ESG e a ética de barriga cheia
Nova regra da B3 e Reforma Tributária mostram que o tema não deveria
sair do seu radar.
Começou a valer no último dia 19
o novo Regulamento de Emissores da B3, a nossa Bolsa de Valores. A novidade no
regramento é um anexo com uma "medidas ASG" (Ambientais, Sociais e
de Governança Corporativa) —tradução
do ESG— que devem ser cumpridas pelas companhias
abertas.
O anexo diz que as empresas
devem ter entre os membros do conselho de administração ou da diretoria
estatutária pelo menos uma pessoa que se identifique com o gênero feminino e um
membro de comunidade sub-representada —preta, parda, indígena, integrante da
comunidade LGBTQIA+, ou com deficiência.
Na última pesquisa sobre o tema
—em dezembro de 2021— a Fundação Dom Cabral mostrou que mais de 90% dos CEOs de
empresas brasileiras são homens brancos, com idade média de 50 anos. Ganha uma
ação da Oi quem apontar qualquer mudança significativa nesse quadro desde a
data do estudo.
Além de todos os benefícios
sociais de gerar diversidade no topo da pirâmide, há o financeiro, que já foi
quantificado pelo banco Goldman Sachs, em estudo que citei aqui. Os fundos com mais
mulheres na gestão tiveram rentabilidade maior na crise da Covid-19.

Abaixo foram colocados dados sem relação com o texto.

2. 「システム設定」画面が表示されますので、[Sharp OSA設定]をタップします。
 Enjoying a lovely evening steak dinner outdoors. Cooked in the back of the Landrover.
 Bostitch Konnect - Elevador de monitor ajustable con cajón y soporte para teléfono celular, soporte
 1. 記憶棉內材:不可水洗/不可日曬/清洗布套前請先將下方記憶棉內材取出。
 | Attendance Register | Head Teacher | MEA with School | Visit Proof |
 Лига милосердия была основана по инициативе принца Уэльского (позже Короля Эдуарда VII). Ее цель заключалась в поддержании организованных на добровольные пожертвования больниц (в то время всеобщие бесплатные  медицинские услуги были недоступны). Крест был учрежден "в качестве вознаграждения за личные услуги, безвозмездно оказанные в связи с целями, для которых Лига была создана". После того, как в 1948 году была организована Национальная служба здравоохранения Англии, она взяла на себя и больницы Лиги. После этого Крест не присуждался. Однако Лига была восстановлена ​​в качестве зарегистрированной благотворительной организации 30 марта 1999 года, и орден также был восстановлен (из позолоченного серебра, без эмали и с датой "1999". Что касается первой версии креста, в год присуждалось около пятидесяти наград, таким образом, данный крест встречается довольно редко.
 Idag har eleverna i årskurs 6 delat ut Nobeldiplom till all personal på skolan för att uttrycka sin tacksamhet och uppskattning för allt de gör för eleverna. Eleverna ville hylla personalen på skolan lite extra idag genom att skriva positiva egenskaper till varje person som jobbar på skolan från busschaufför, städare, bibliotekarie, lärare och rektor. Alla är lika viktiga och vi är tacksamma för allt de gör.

Acontece que, pelo documento da
B3, as tais medidas ASG devem ser atendidas "no modelo pratique ou
explique". Isso, em português, significa que quem não quiser cumprir basta
explicar o motivo. Já dá para pedir para o ChatGPT elaborar uma lista de explicações
que vão aparecer, como "pool de talentos limitado", "barreiras
sistêmicas" e "área de atuação que exige muita especialização".
A lógica nisso é que o papel da
Bolsa é exigir transparência. Julgar se é bom ou ruim adotar tais iniciativas
caberia ao mercado, com valorização ou desvalorização das ações das empresas.

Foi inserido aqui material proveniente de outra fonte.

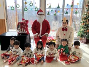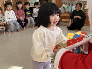 その後、順番に名前を呼ばれて、サンタさんより直接もらうことができました。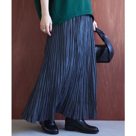 デイリーのコーディネートを格上げするプリーツデザインスカート。光沢感のあるライトな素材は着こなしに上品さをプラスしながら、リラクシーな穿き心地を叶えます。タックインもすっきり決まるギャザー入りのウエストに総ゴム仕様の穿きやすさも嬉しいポイント。スニーカーでカジュアルにはもちろん、ブーツを合わせたきれい目スタイルもおすすめです。透け感[なし]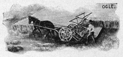 Kerr, Smith and others added their mite of knowledge, and in 1822 Henry Ogle, an English schoolmaster, invented a reaping machine that was made by a Mr. Brown, and which cut one acre per hour. The trial was so successful that the laborers in the field, fearing the competition of the innovation, mobbed the inventor and maker and broke up the machine. The patent shows its construction.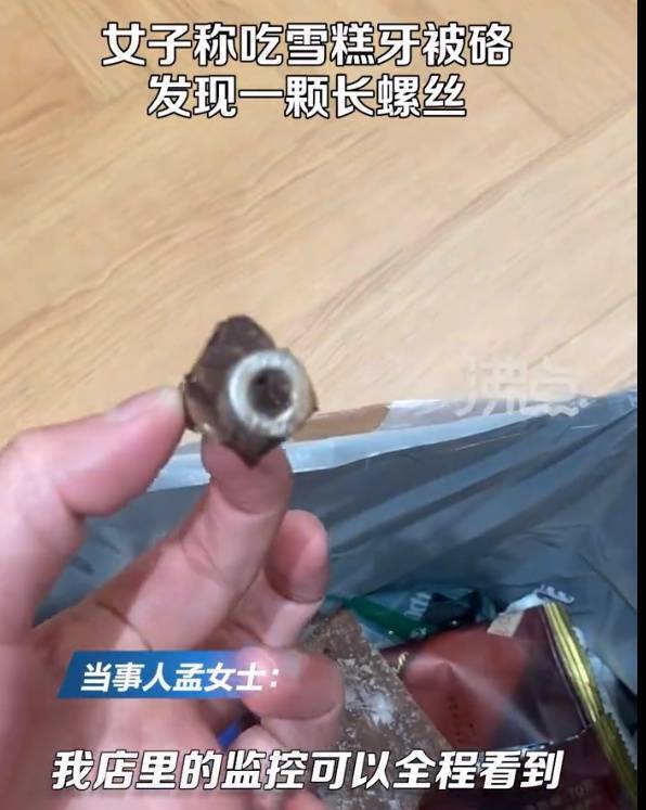 当事人称,雪糕是从批发小店买的,下午吃的时候牙被硌了一下。看到里面是一个螺丝,有钥匙大小。当时很惊讶,感觉食品安全问题要重视一下,自己有从冰箱拿出雪糕到吃出螺丝的全程监控。后来联系厂家客服,对方推卸责任,说不可能出现这种情况,让自己处理,态度很硬气。

Enquanto a nova regra ESG da B3
segue o raciocínio de "livre mercado", a Reforma Tributária ameaça ir
no caminho contrário e efetivamente punir, financeiramente, empresas que não
estejam com a governança ambiental em dia.
O texto da PEC (Proposta de
Emenda à Constituição) 45/2019 aprovado pela Câmara dos Deputados em julho traz a previsão do imposto seletivo,
também apelidado de "Imposto do Pecado". Ele prevê a taxação sobre a
"produção, comercialização ou importação de bens e serviços prejudiciais à
saúde ou ao meio ambiente".
A regra é muito polêmica, tanto
pela lógica que segue quanto por ser impossível prever como serão definidas
quais atividades serão consideradas prejudiciais ao meio ambiente. Combustíveis
fósseis parecem uma resposta óbvia. Mas alguém consegue imaginar o governo
cobrando mais impostos da Petrobras?
O frisson pela discussão do tema
ESG parece ter esfriado conforme o dinheiro parou de circular em abundância no
setor privado (efeito da inflação e dos juros altos). Os grandes fundos e
líderes do mercado foram deixando o tema de lado, seguindo aquela lógica pela
qual é mais fácil discutir ética de barriga cheia. Quando há pouco dinheiro na
mesa, usa-se menos critérios, além do retorno esperado.
O chamados fundos ESG no Brasil
ainda beiram os 50 mil investidores, entre mais de 35,5 milhões de contas que
investem em fundos no país. A nova regra da B3 e o texto da Reforma Tributária
mostram, no entanto, que o mundo está girando e o tema não deveria sair do seu
radar.
MARCOS DE VASCONCELLOS - jornalista, assessor de investimentos e fundador do Monitor do Mercado.